Play roulette with equal probability of odd and even numbers 10 times and count the number of odd numbers. Repeat it 10,000 times. What is the probability that odd and even numbers will appear the same number of times (probability of appearing 5 times each)?
#Import the library of numerical calculations.
import numpy as np
sample_size = 10000 #Number of random numbers generated
#An odd number appears with a probability p (probability 1)-When you play roulette n times, you get an even number with p)
#Distribution of the number of odd numbers
dist = [np.random.binomial(n=10, p=0.5) for i in range(sample_size)]
#Draw a histogram.
plt.hist(dist, bins=100)
plt.grid()
plt.show()
As you can see from the above figure, if you play roulette with equal probability of odd and even numbers, the probability of odd and even numbers appearing the same number of times (probability of 5 times each) is about 25% (about 10000 times). 2500 times).
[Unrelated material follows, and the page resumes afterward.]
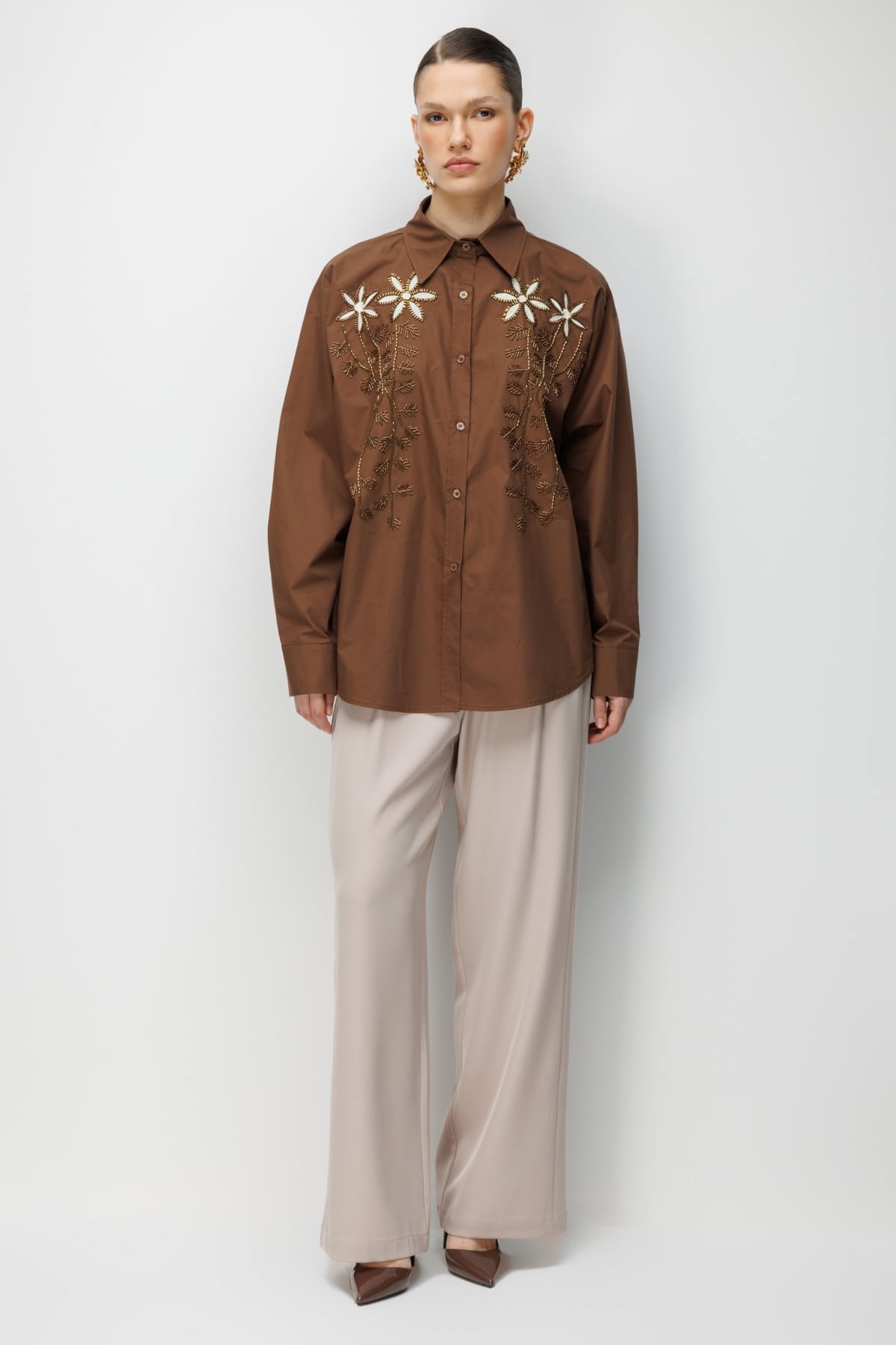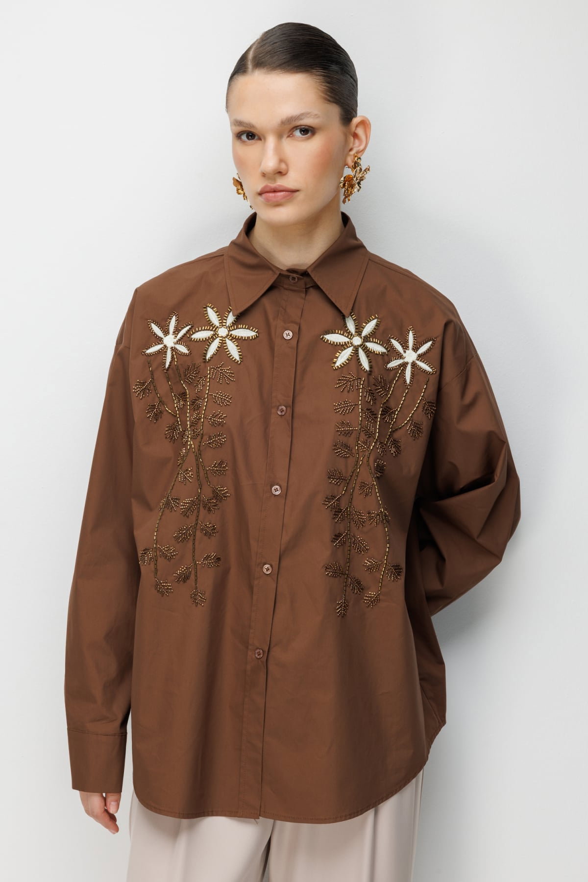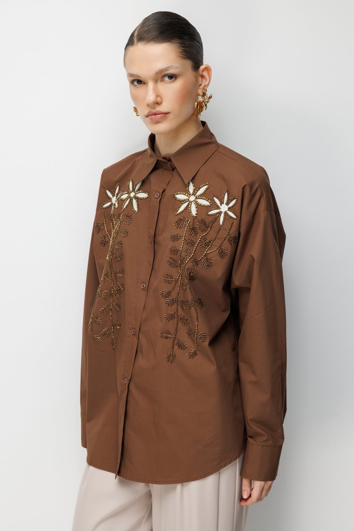 Detay: %100 pamuk kumaş içeriği ile doğal ve nefes alabilen bir kullanım sunan bu model gömlek, astarsız yapısı sayesinde hafif ve konforlu bir deneyim sağlar. Gömlek yaka detayı klasik bir şıklık kazandırırken, uzun kol tasarımı zarif ve modern bir görünüm oluşturur. Düğmeli kapama şekli ise hem işlevsel hem de stil sahibi bir tamamlayıcı detaydır;

You may have the impression that it is unexpectedly small.
You were observing other guests playing roulette at the casino. Then, since the number of odd numbers appearing is extremely high, I felt that the roulette was a squid. If it's not crazy, roulette should have odd and even odd numbers with equal probability. However, this roulette had an odd number 60 times out of 100 times. Is this roulette squid?
When you play roulette with equal probability of odd and even numbers 100 times, what is the probability that odd numbers will appear 60 times or more? First, let's draw the distribution.
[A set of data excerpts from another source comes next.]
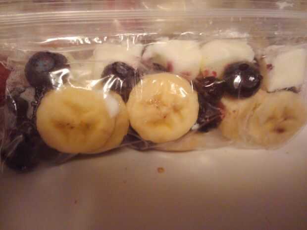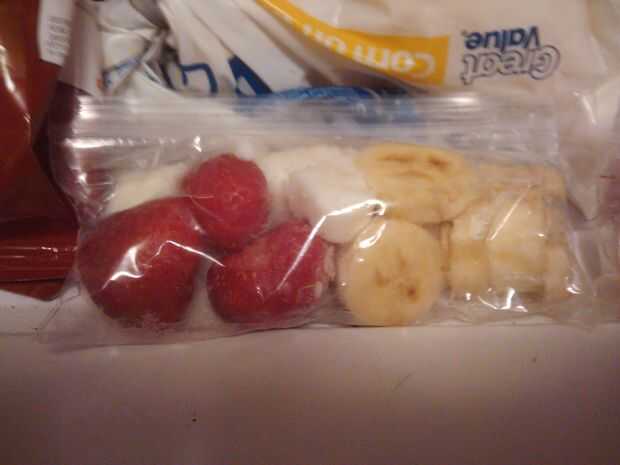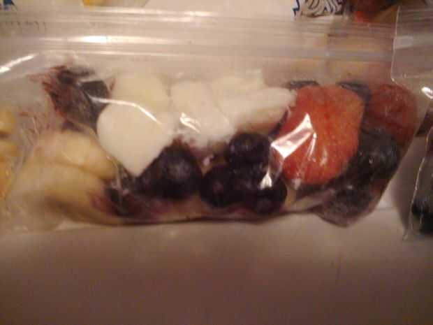 Pesar un cubo de yogur "promedio" y pesan hacia fuera. mina son aproximadamente 1 oz. cada uno. Tome la cantidad de cubos que se necesita para hacer un oz y cortarlas pedazos del mismo tamaño de las fresas para facilitar en la licuadora y colocar en la bolsa.
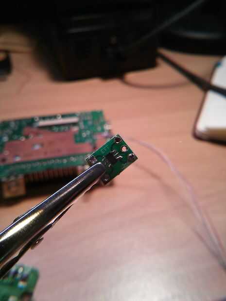 Una vez que el chip y la Junta han reunido entre sí, vamos a tener que dar este adaptador algunas piernas. En mi caso, utilicé izquierda sobre recortes de plomo, pero un jefe de algún tipo sería mucho más 'por el libro.
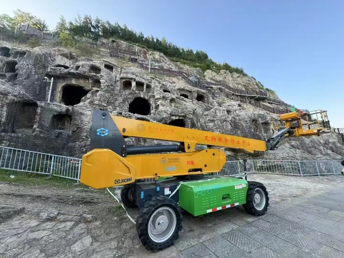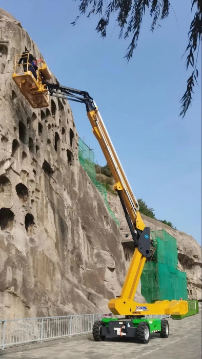 時間回溯到2021年,由于遭受多場暴雨侵襲,龍門石窟部分洞窟內(nèi)滲漏水嚴重甚至出現(xiàn)積水,部分山體表面巖石脫落、松動,嚴重威脅文物安全,急需得到有效治理。龍門石窟研究院隨即開展了為期1年多的“龍門石窟蓮花洞至石牛溪區(qū)域保養(yǎng)維護項目”。徐工XGS25ACK-Li直臂式高空作業(yè)平臺作為“得力助手”,深度參與各項保護修復(fù)工作。

sample_size = 10000 #Number of random numbers generated
#An odd number appears with a probability p (probability 1)-When you play roulette n times, you get an even number with p)
#Distribution of the number of odd numbers
dist = [np.random.binomial(n=100, p=0.5) for i in range(sample_size)]
#Draw a histogram.
plt.hist(dist, bins=100)
plt.grid()
plt.show()
With the same calculation as above, let's calculate the "probability of playing roulette 100 times and getting an odd number 60 times or more".
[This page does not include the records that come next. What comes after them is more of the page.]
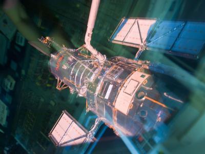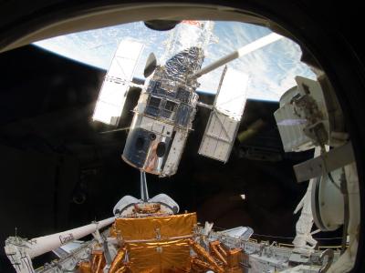 执行STS-125任务的亚特兰蒂斯号航天飞机在太空中准备离开哈勃太空望远镜
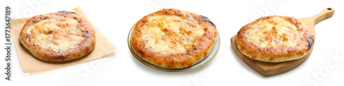 Delicious Megrelian khachapuri isolated on white, set
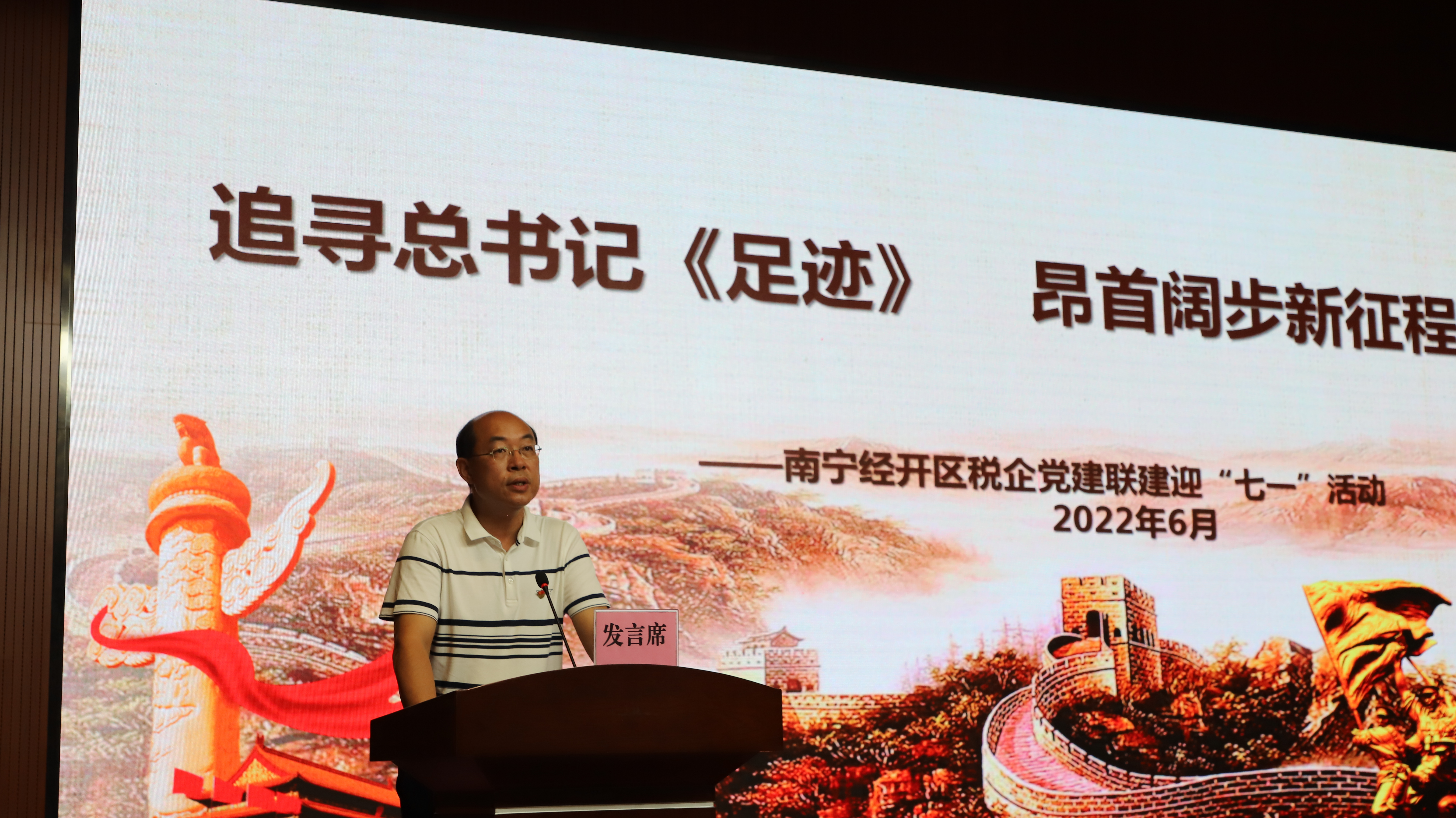 參加活動的全體黨員認真觀看央視《組合式稅費支持政策助企紓困成效顯現(xiàn)》視頻。經(jīng)開區(qū)稅務局黨委書記、局長胡大洪介紹稅務部門黨建引領促減稅降費落地落實,表示在貫徹落實黨中央、國務院稅費減免政策上,經(jīng)開區(qū)稅務局行動快速、措施有力,成立了留抵退稅“黨員突出隊”和“青年先鋒隊”,發(fā)揮黨團員先鋒和表率作用,確保國家的惠企政策落到實處,讓廣大市場主體充分、便捷地享受到政策紅利。綠港集團、中外運廣西有限公司陸運事業(yè)部、南寧恒楓飲料有限公司3個企業(yè)黨員代表分別上臺作交流。綠港集團榮鑫公司黨支部書記李汝埠表示,政策紅利也是中小企業(yè)發(fā)展的一大助力,今年4月份以來,我國實施組合式稅費支持政策,經(jīng)開區(qū)稅務局積極促進這一政策落地落實,作為綠港集團下屬的榮鑫公司切實享受到政策紅利,疫情防疫常態(tài)化的當下,不少中小企業(yè)都遇上許多難題,希望稅務部門在稅務方面著力為納稅人解難題,確保企業(yè)能享會享、應享盡享稅收優(yōu)惠政策。

sample_size = 10000 #Number of random numbers generated
#An odd number appears with a probability p (probability 1)-When you play roulette n times, you get an even number with p)
#Distribution of the number of odd numbers
dist = [np.random.binomial(n=100, p=0.5) for i in range(sample_size)]
p = sum([1 for n in dist if n >= 60]) / sample_size
print("p-value: %(p)s " %locals())
After playing roulette with equal probability of odd and even numbers 100 times, it was found that the probability of odd numbers appearing 60 times or more "accidentally" is less than 5%. In other words, for a roulette that gives an odd number 60 times or more out of 100 times, it seems good to suspect that the roulette is crazy.
P at this time is called the p value (significance probability).
For a roulette wheel that has an odd number of 60 or more out of 100, it seems good to suspect that the roulette wheel is crazy. Then, if odd numbers appear 6 or more times out of 10 times, the probability of odd numbers appearing is the same 60%, but can you say that the roulette is crazy? Calculate the p-value and answer.
#Exercise 1
It is estimated that 5% of all populations have an infectious disease. If 20 people were randomly selected from the total population, how many people would be affected in the extracted population? Such a distribution is also a binomial distribution. Let's draw a distribution.
sample_size = 10000 #Number of random numbers generated
#An odd number appears with a probability p (probability 1)-When you play roulette n times, you get an even number with p)
#Distribution of the number of odd numbers
dist = [np.random.binomial(n=20, p=0.05) for i in range(sample_size)]
#Draw a histogram.
plt.hist(dist, bins=100)
plt.grid()
plt.show()
It is estimated that 5% of all populations have an infectious disease. When 100 people were randomly selected from all the inhabitants, there were more than 10 affected people in the extracted population.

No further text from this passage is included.